Raw data Start Marker

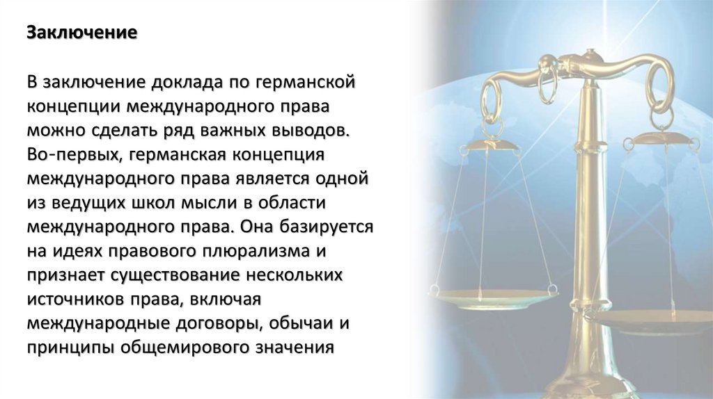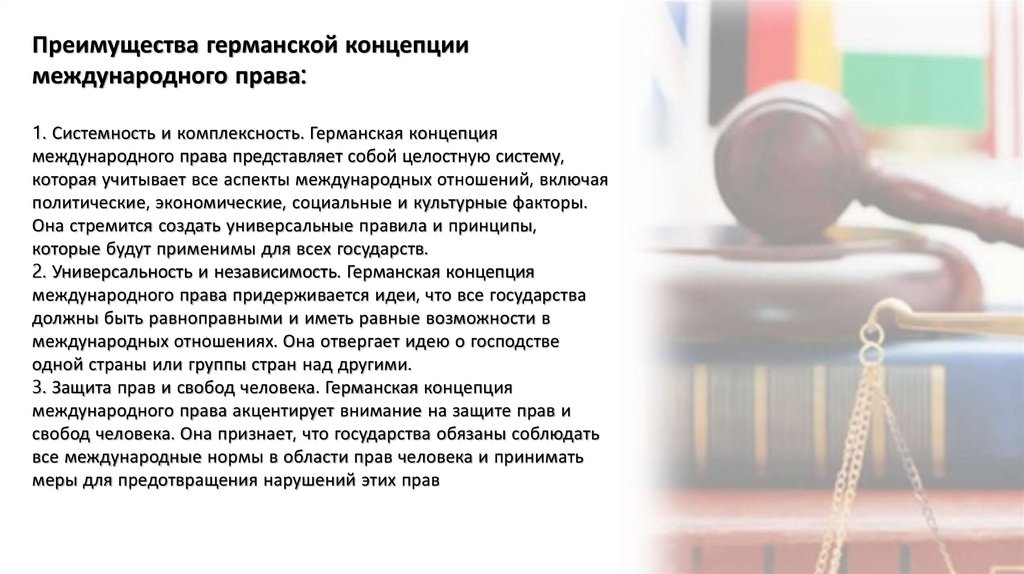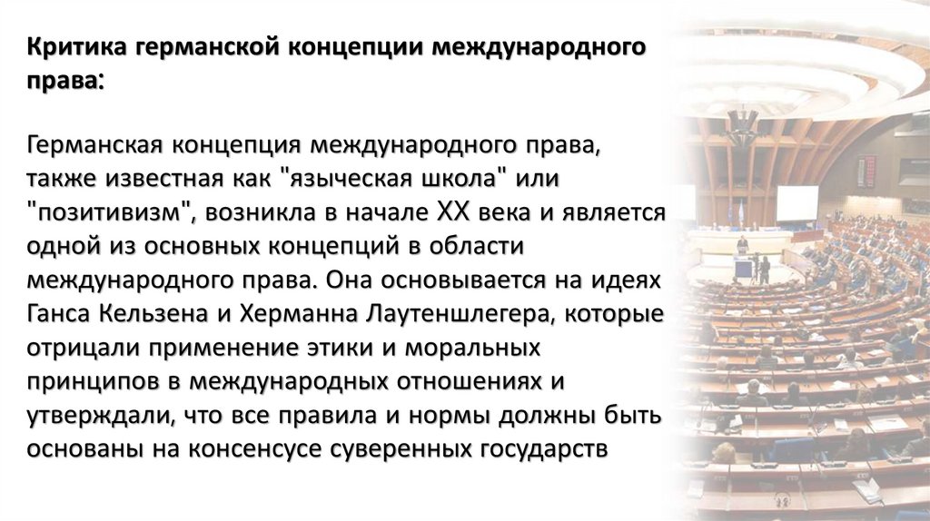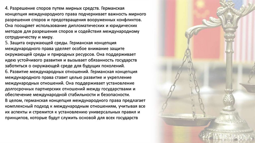 4. Разрешение споров путем мирных средств. Германскаяконцепция международного права подчеркивает важность мирного
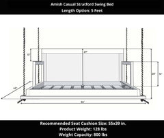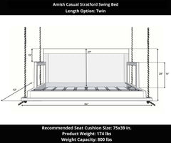 Introduce the Amish Casual Stratford Swing Bed into your outdoor space for a touch of handcrafted elegance. Made with Grade A kiln dried yellow pine and handcrafted by Amish craftsman in Pennsylvania, this swing bed is built to last and resist peeling and flaking with its 100% acrylic exterior paint. Choose from black or tan 3/4 in. thick Pro-Manila rope and add a cushion for ultimate relaxation. Made in the USA.
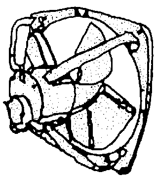 Centrifugal (radial-flow)fans are used for ducted installations or where air must be moved through a product such as grain or potatoes. The blades on the blower may be radial, e.g., straight from the shaft, curved forward in the direction of rotation, or curved backward opposite to the direction of rotation. The latter can achieve the highest efficiencies under high-pressure performance and are most suitable for agricultural applications. The most important attribute of the backward-curve blower is its nonoverloading characteristic. Both the radial and forwardcurved types require their greatest power input when air flow is cut off. An air blockage therefore, is likely to overload the motor and cause damage. Figure 7.7.
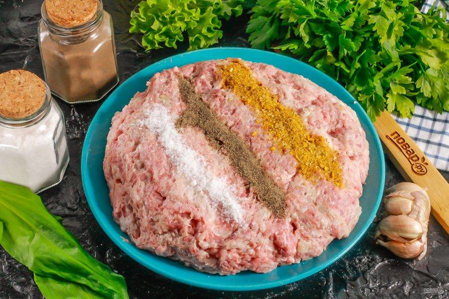 Пропустите мясо, лук и чеснок через мясорубку, установив насадку с крупными ячейками. Вымешайте фарш и добавьте в него соль, молотый черный перец и приправу для мяса. Если готовите колбаски для взрослых, то добавьте в них 2-3 щепотки молотого острого красного перца.

Raw data End Marker

Everything in the listing is to be returned word for word, except the pictures.

 4. Разрешение споров путем мирных средств. Германскаяконцепция международного права подчеркивает важность мирного
 Introduce the Amish Casual Stratford Swing Bed into your outdoor space for a touch of handcrafted elegance. Made with Grade A kiln dried yellow pine and handcrafted by Amish craftsman in Pennsylvania, this swing bed is built to last and resist peeling and flaking with its 100% acrylic exterior paint. Choose from black or tan 3/4 in. thick Pro-Manila rope and add a cushion for ultimate relaxation. Made in the USA.
 Centrifugal (radial-flow)fans are used for ducted installations or where air must be moved through a product such as grain or potatoes. The blades on the blower may be radial, e.g., straight from the shaft, curved forward in the direction of rotation, or curved backward opposite to the direction of rotation. The latter can achieve the highest efficiencies under high-pressure performance and are most suitable for agricultural applications. The most important attribute of the backward-curve blower is its nonoverloading characteristic. Both the radial and forwardcurved types require their greatest power input when air flow is cut off. An air blockage therefore, is likely to overload the motor and cause damage. Figure 7.7.
 Пропустите мясо, лук и чеснок через мясорубку, установив насадку с крупными ячейками. Вымешайте фарш и добавьте в него соль, молотый черный перец и приправу для мяса. Если готовите колбаски для взрослых, то добавьте в них 2-3 щепотки молотого острого красного перца.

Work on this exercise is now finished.